**WHAT TO WORK ON:** The line containing "Stylish necklace made" and each line after it, through the final line of the data, are to be retyped exactly, with pictures left out.

**MATERIAL PROVIDED:**
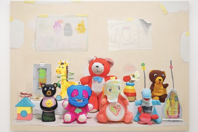 高橋はまず、紙によって建築要素や室内のモチーフを作り、そこにぬいぐるみやおもちゃなど身近な存在を配置する。現実とは異なるスケールと論理をもつ”ひとつの小さな世界”には、本来は無生物とされる存在に命を与え、語りかけ、関係を結んでいくコミュニケーションの気配が立ち上る。
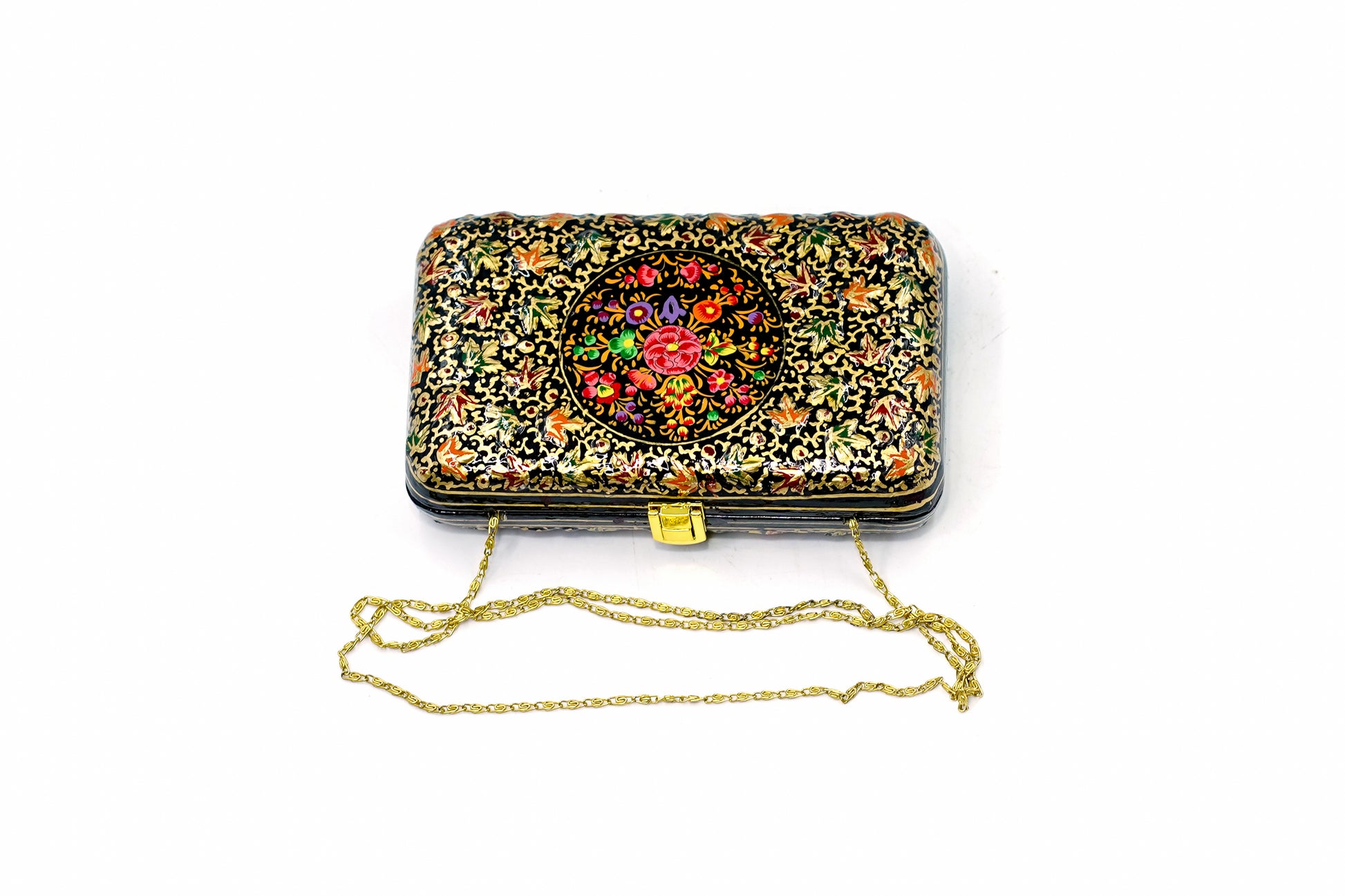 Elevate your accessory game with the Zari Garden Clutch, a stunning handcrafted purse made using traditional paper mâché techniques from Kashmir. This elegant clutch features intricate hand-painted floral motifs in vibrant hues—set against a richly textured black base with golden highlights that resemble fine Zari embroidery.
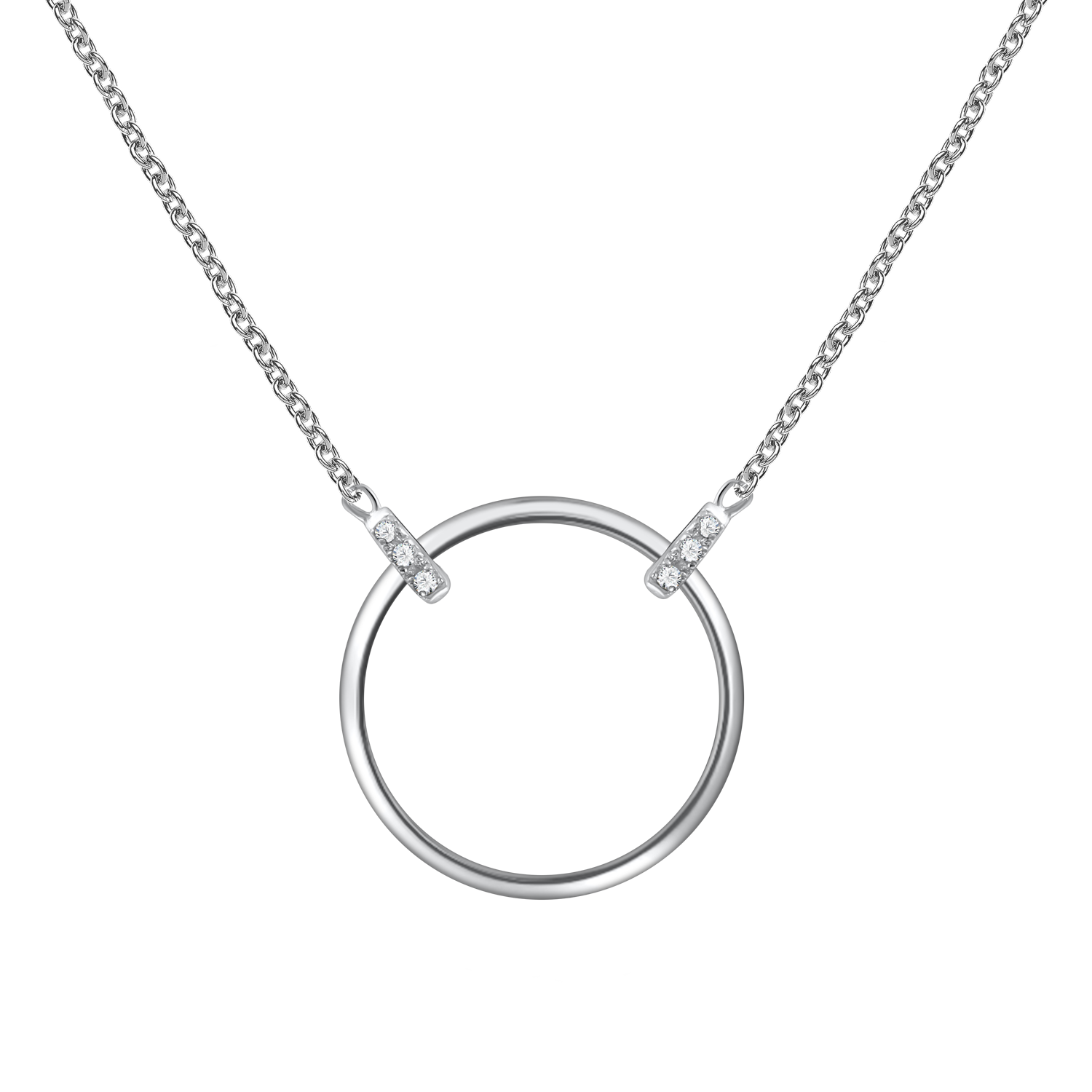 Stylish necklace made of 925 sterling silver with cubic zirconia, the chain length is approx. 45 cm, and the diameter of the hanging ring is approx. 15 mm
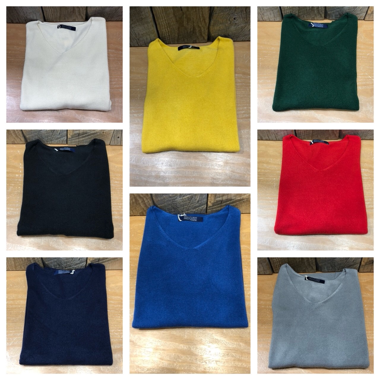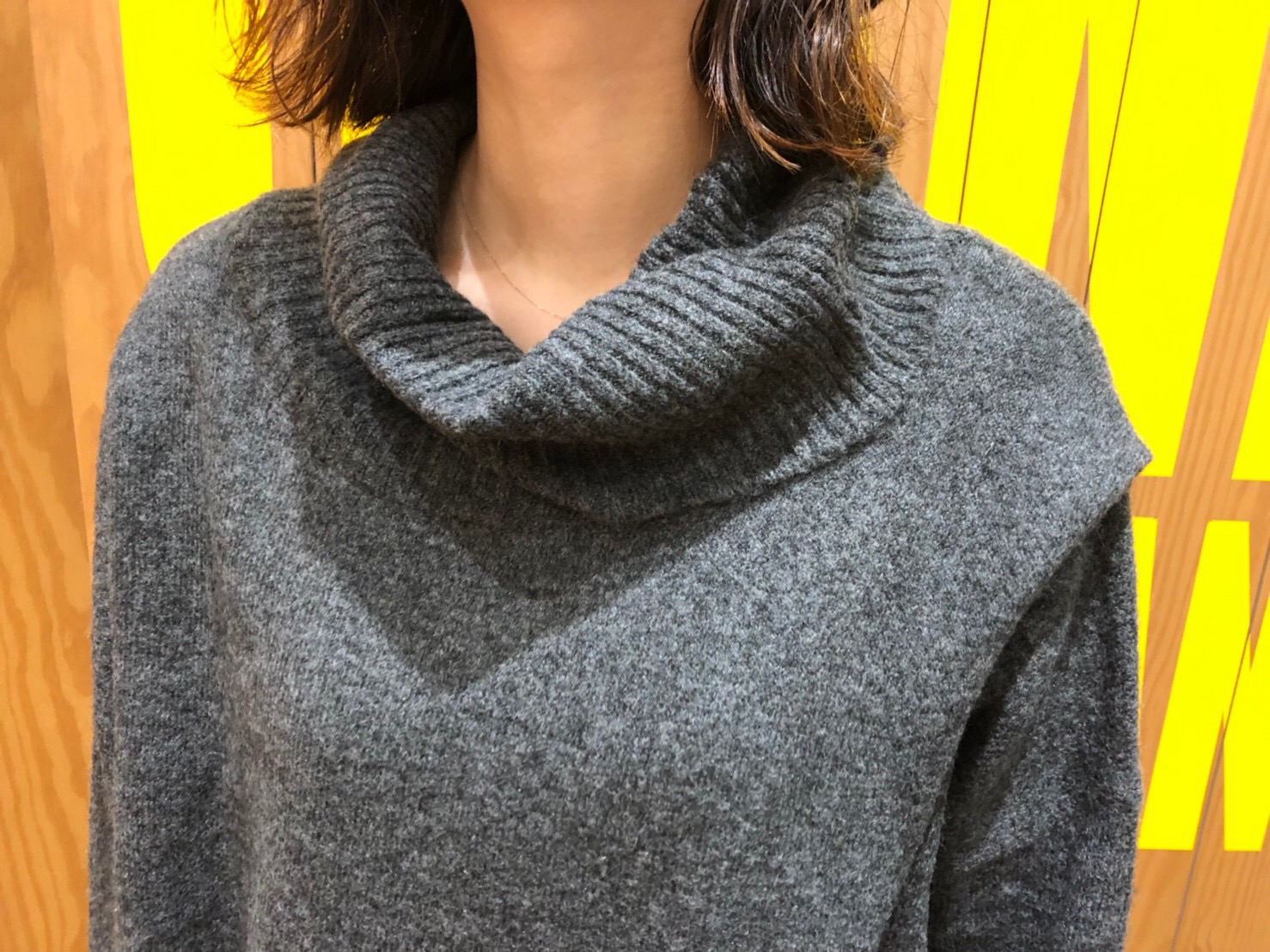 ニットは、Vネックで顔まわりをスッキリ見せてくれます。

**SOLVED PROBLEM:**
 Stylish necklace made of 925 sterling silver with cubic zirconia, the chain length is approx. 45 cm, and the diameter of the hanging ring is approx. 15 mm
 ニットは、Vネックで顔まわりをスッキリ見せてくれます。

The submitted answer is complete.